- 1ELTE Eötvös Loránd University, Faculty of Science, Institute of Geography and Earth Sciences, Department of Geophysics and Space Science, Budapest, Hungary
- 2Università degli Studi di Milano, Department of Earth Sciences "Ardito Desio" (DiSTAD), Milan 20133, Italy
- 3ELTE Eötvös Loránd University, Institute of Mathematics, Department of Computer Science, Budapest, Hungary
- 4HUN-REN Research Centre for Astronomy and Earth Sciences, Institute for Geological and Geochemical Research, Budapest, Hungary
Long Short-Term Memory (LSTM) neural networks have proven their excellence in basin-level discharge prediction, provided there is an adequate amount of high-quality time series data available for training, including meteorological forcings and streamflow gauge measurements. Such data-driven black-box models can successfully learn the complex behavior of delayed hydraulic responses; however, they cannot yet be easily applied in water management practice, and model transfer attempts to ungauged catchments have not been entirely successful.

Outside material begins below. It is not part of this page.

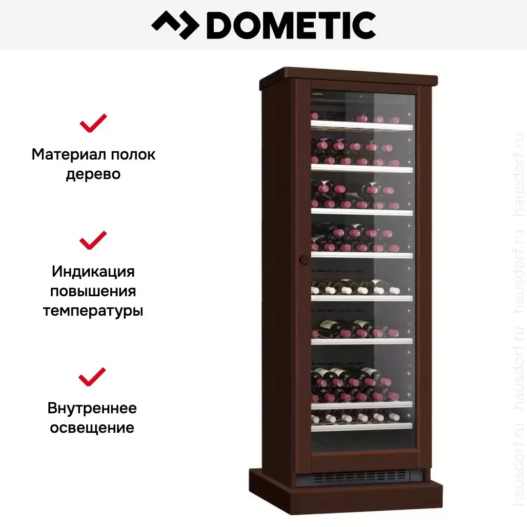 Винный холодильник Dometic C125G Wooden Walnut имеет одну температурную зону, в которой можно разместить бутылки и единовременно выставить только одну комбинацию настроек. Он устанавливается отдельно, что удобно, если у вас есть специальное помещение — кладовая, погреб и т.д. Количество бутылок, которое можно разместить с учетом полной комплектации и из расчета объема бутылки 0,75 л, — 125 шт.
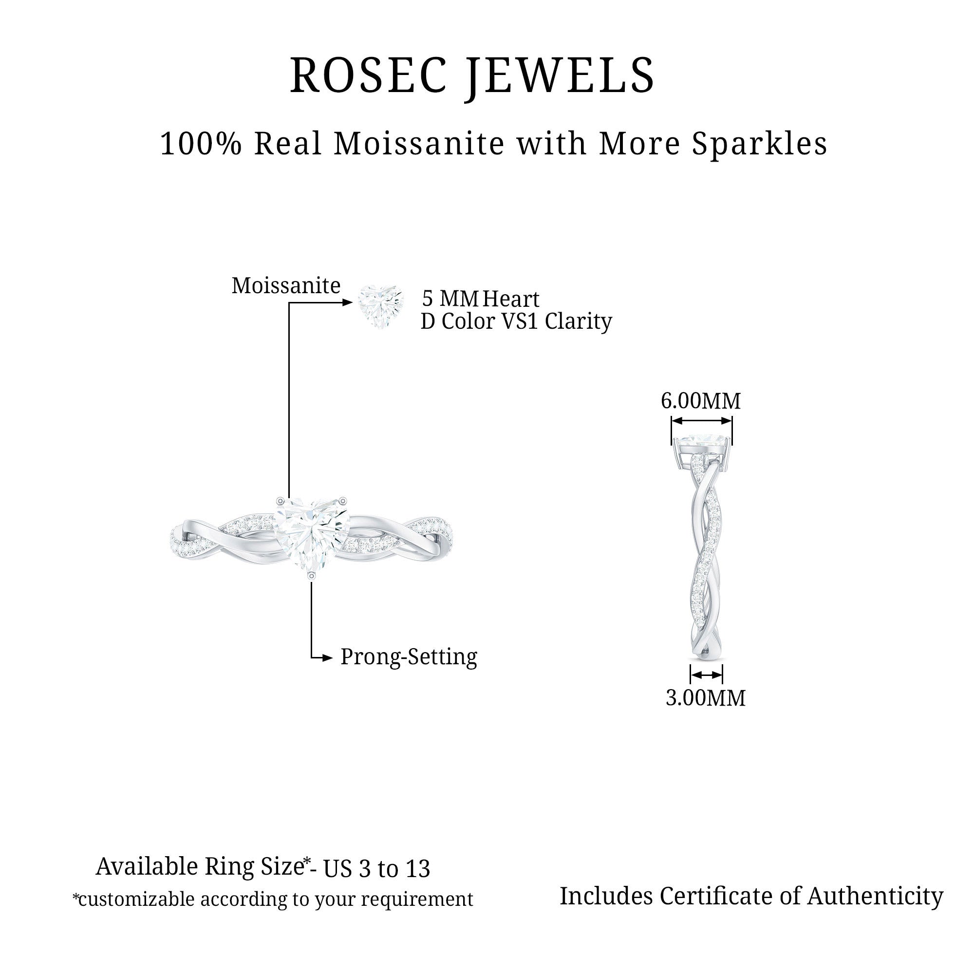 Celebrate love and commitment with this beautiful Moissanite Braided Ring, a piece designed to symbolize romance, elegance, and timeless beauty. The Commitment Ring features a sparkling 5 MM heart shaped moissanite set in secure 3-prong setting, making it the perfect centerpiece for this romantic design. One strand of the braided band is adorned with dazzling round moissanites, while the other strand is made of plain metal, creating a striking contrast that highlights the brilliance of each stone. Crafted with D color and VS1 clarity moissanite, this Heart Promise Ring captures light beautifully and offers exceptional sparkle, making it look stunning from every angle. The thoughtful design of the braided band not only represents the intertwining of two lives but also adds a modern and stylish touch that works perfectly as a promise ring or pre engagement ring. Each gemstone undergoes strict quality checks and comes with certification to ensure authenticity and lasting beauty. Comfortable for daily wear yet elegant enough for special occasions, this Heart Moissanite Ring makes a meaningful gift for anniversaries, birthdays, or moments when you want to show someone how much they mean to you.

In our previous work, we explored an approach to characterizing near-surface flow regimes, starting from a full catchment model and then applying a single LSTM network layer within a semi-distributed subbasin setup reflecting downstream topography. Application to the Tarna River catchment area in Hungary (2,116 km2) showed that transfer learning from the full catchment model (achieving an NSE of 0.91 on the training set and 0.66 on an independent test set) to a downstream chain of gauged Hydrological Response Units (HRUs) is a powerful tool for investigating a semi-distributed HRU network. The entire setup, however, involves a much higher level of complexity, and the available detailed meteorological data and gauge measurements in only two-thirds of the subbasins did not provide sufficient information for the single LSTM model to fully predict the HRU network processes.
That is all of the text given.